Telemetry Integration and Operational Dependencies

Once exposed, these metrics feed into standard observability stacks. Prometheus scrape intervals should align with wsrep_provider_options polling cycles (typically 10–15 seconds). Alerting rules must differentiate between transient state transitions and sustained degradation. For example, wsrep_cluster_status != Primary for >30 seconds triggers a P1 incident, while flow control metrics >0.5 for >2 minutes trigger capacity scaling alerts. Queue depth alerts should correlate with disk I/O latency and network MTU settings to distinguish between replication bottlenecks and infrastructure degradation.

Operational runbooks must map these alerts to specific recovery procedures.
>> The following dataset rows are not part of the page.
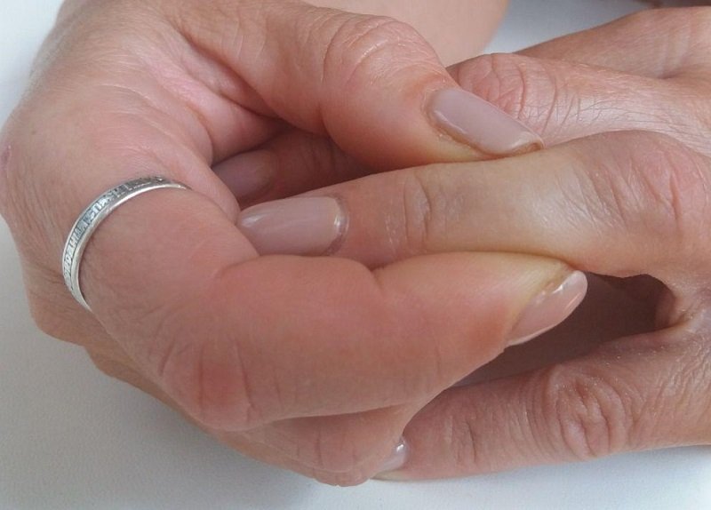 W przypadku problemów z kolanami, szczególnie u osób starszych, należy masować środkowe części palca serdecznego i środkowego.
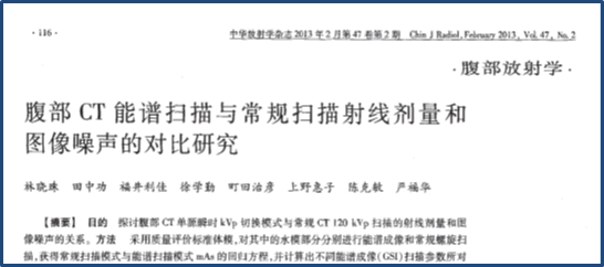 腹部CT能谱扫描与常规扫描射线剂量和图像噪声的对比研究 (中华放射学杂志,2013,Vol47,No.2,P:116-120) 上海瑞金医院 林晓珠 【Summary】腹部是能谱CT目前应用最为广泛的部位,如何在尽可能低的射线剂量条件下获得可供临床诊断的图像质量一直是相关领域学者致力研究的课题。本研究中,通过体模实验明确了CT常规扫描与能谱扫描模式的mAs之间的关系,建立了两者的回归方程,并根据目前可选的能谱成像扫描参数计算出了相对应的常规扫描的mAs,实现了能谱扫描的个性化。临床研究结果显示,对于相同范围的全腹部CT,常规扫描模式与能谱扫描模式在射线剂量方面差异无统计学意义。本研究也是宝石的最新的GSI Assist技术开发的理论基础之一。GSI assist工具根据病人的定位相(Scout View)获得病人体型大小(eBMI),从而可以自动选择与常规非能谱扫描相似辐射剂量(CTDIvol)的GSI协议,同时实现了一键式智能选取病人个性化GSI协议的临床要求。最新的能谱成像技术已经可以与ASiR技术结合使用(Jpn J Radiol (2014) 32: 217-223),允许操作者根据需要选择不同水平的ASiR重建单能量等能谱图像,这也将为进一步提高CT能谱成像的图像质量和降低剂量提供可能。
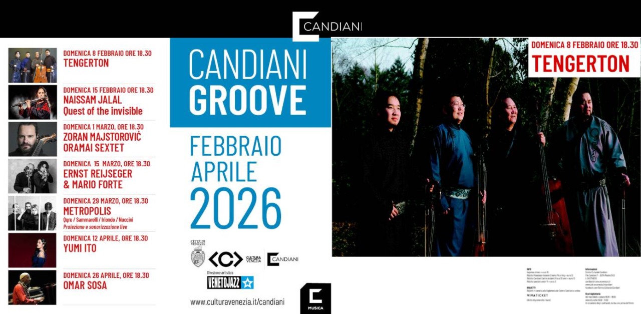 Candiani Groove, la rassegna di musica internazionale proposta al Centro Candiani dal Settore Cultura del Comune di Venezia con la direzione artistica di Veneto Jazz, torna nel 2026 con un nuovo cartellone di concerti primaverili da febbraio ad aprile.
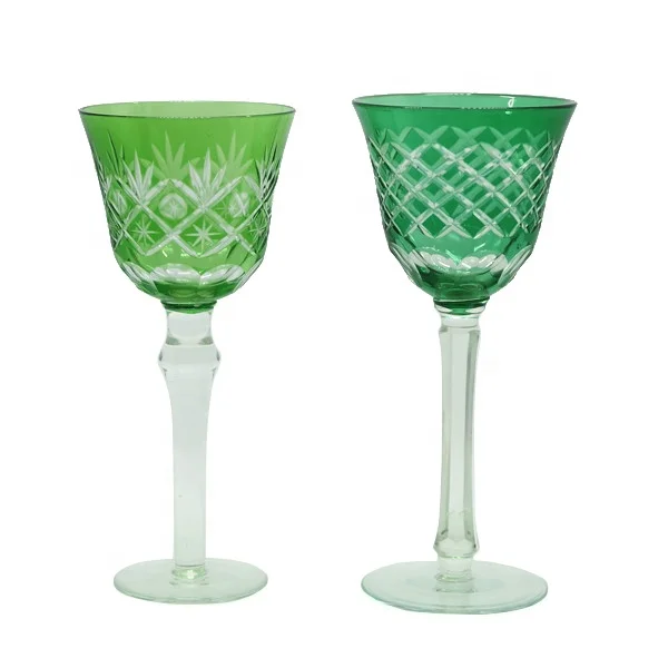 Hot Selling Japanese Cased Glass Green Wine Cup With Hand Carved
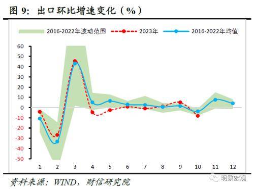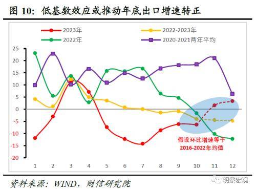 一是低基数效应决定四季度出口同比读数回升,年底增速或转正。受外需放缓影响,10月份出口环比增速低于2016-2022年同期均值较多,但在11-12月份出口环比增速与2016-2022年同期均值相同的情景假设下,预计出口增速大概率于11月份转正,四季度约增长-0.5%,全年增长-4.5%左右(见图10)。
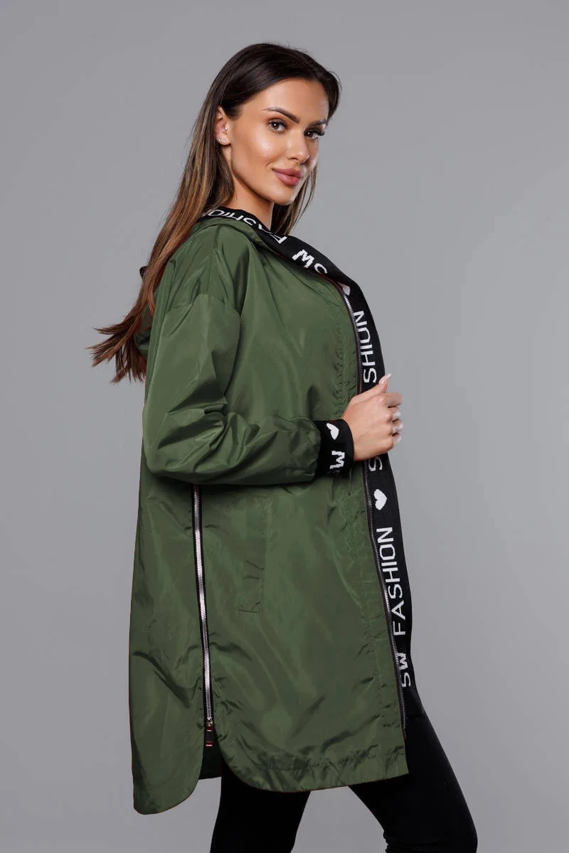 Přidání recenze k Tenká dámská bunda v khaki barvě s ozdobnou lemovkou (B8145-11)
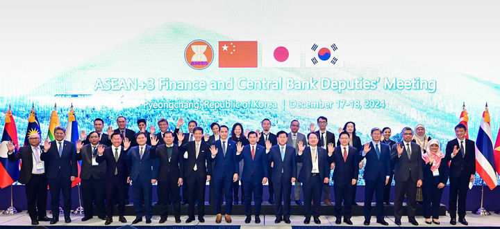 [서울=뉴시스] 김금보 기자 = 최지영 기획재정부 국제경제관리관이 지난 17일 강원도 평창에서 열린 '아세안+3(한·일·중) 재무차관 및 중앙은행 부총재 회의'에서 참석자들과 기념촬영을 하고 있다. (사진=기획재정부 제공) 2024.12.18. [email protected] *재판매 및 DB 금지
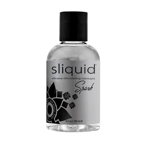 Sliquid Spark Booty Buzz Stimulating Silicone Lube 4.2 fluid ounces. Sliquid Spark is a pharmaceutical grade silicone personal lubricant. It is Sliquid’s Premium formulation infused with menthol. Super long lasting and 100% waterproof, it is the perfect choice for those who need a lubricant to last. Made from an ultra concentrated blend of pharmaceutical grade silicones, Sliquid Naturals Spark will last for hours with only a few drops, and is easy to clean up with simple soap and water: except from some sheets and clothing!. All Sliquid products are formulated by sensitive women, for sensible women.
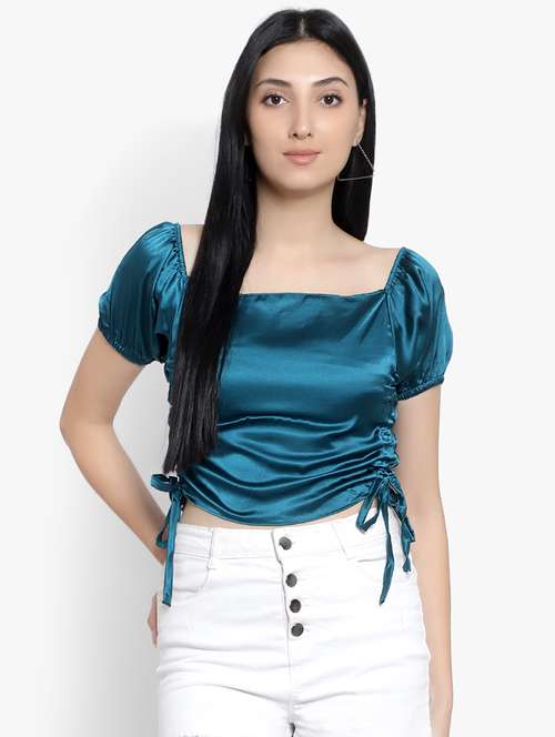 - Opt for this top made up of satin material and get it in a varied neck design.
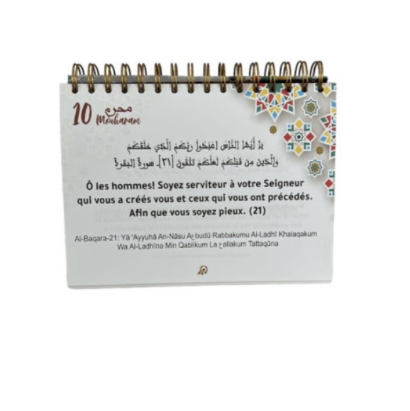Une invocation chaque jour est un magnifique calendrier bilingue – perpétuel, joliment illustré à motif floral, dont les cadres raffinés défilent au fil des mois – qui, comme son nom l’indique, comprend 365 invocations tirées du Coran (dont les 40 Rabbanâ), de la Sunna prophétique authentique, et énumère les 99 beaux noms d’Allah par lesquels il sied à tout un chacun de prier le Très-Haut dans l’espoir d’être exaucé, de même que l’invocation de clôture de récitation du Coran que certains préconisent.
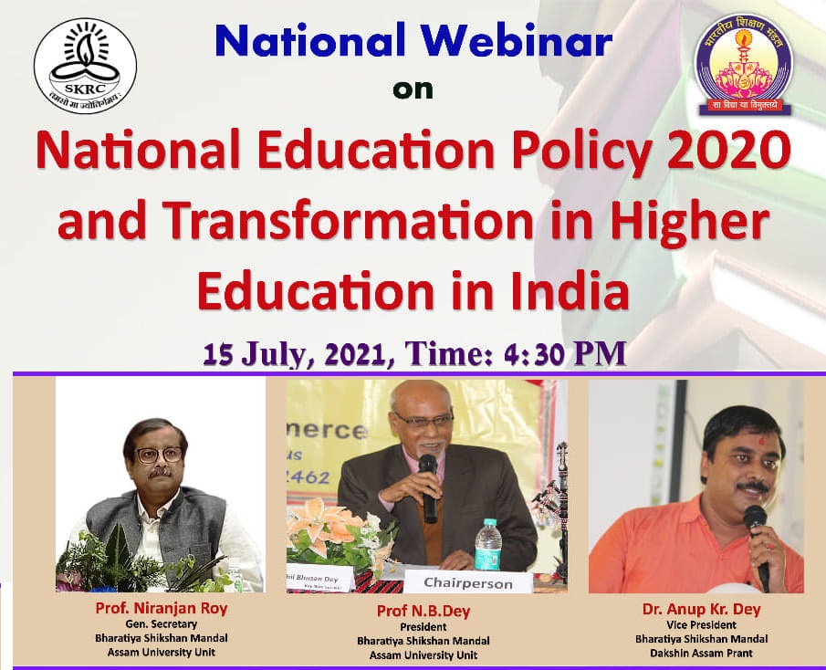 July 13: A national level webinar on “National Education Policy, 2020 and Transformation in Higher Education in India” has been organised by SK Roy College,Katlicherra in collaboration with Bharatiya Shikshan Mandal (BSM), Assam Visvavidyalaya Samithi. The webinar will be held on 15 July, 2021 at 4.30 PM. The resource persons of the webinar are Prof Niranjan Roy, General Secretary of BSM, AU Unit, Prof. NB Dey, President of BSM AU Unit and Dr Anup Kumar Dey, Vice President of BSM AU Unit. E-certificates will be provided to all the participants. For further query, participants may call 8486742989, 9435377528. The link for joining the webinar is meet.google.com/esx-ndbe-khp.
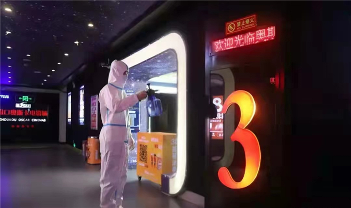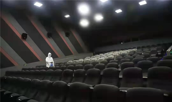 市某影城在观众观影后消毒

Planned maintenance requires executing Graceful Node Join and Leave Procedures to ensure clean state transfer without triggering unnecessary SST. Unplanned failures require rapid triage using Handling Galera Startup Errors & Logs to isolate corrupted relay logs or mismatched wsrep_provider versions. Hardware provisioning directly impacts queue depth tolerance; nodes with insufficient IOPS or network bandwidth will consistently trigger flow control, degrading cluster-wide write latency.

For data consistency validation, integrate scheduled artifact retention checks and point-in-time recovery verification alongside health monitoring. This ensures that automated failover decisions are backed by validated state transfer methods, preventing split-brain scenarios during network partitions. By codifying these validation boundaries into infrastructure pipelines, platform teams achieve deterministic cluster behavior, predictable scaling, and zero-downtime maintenance windows.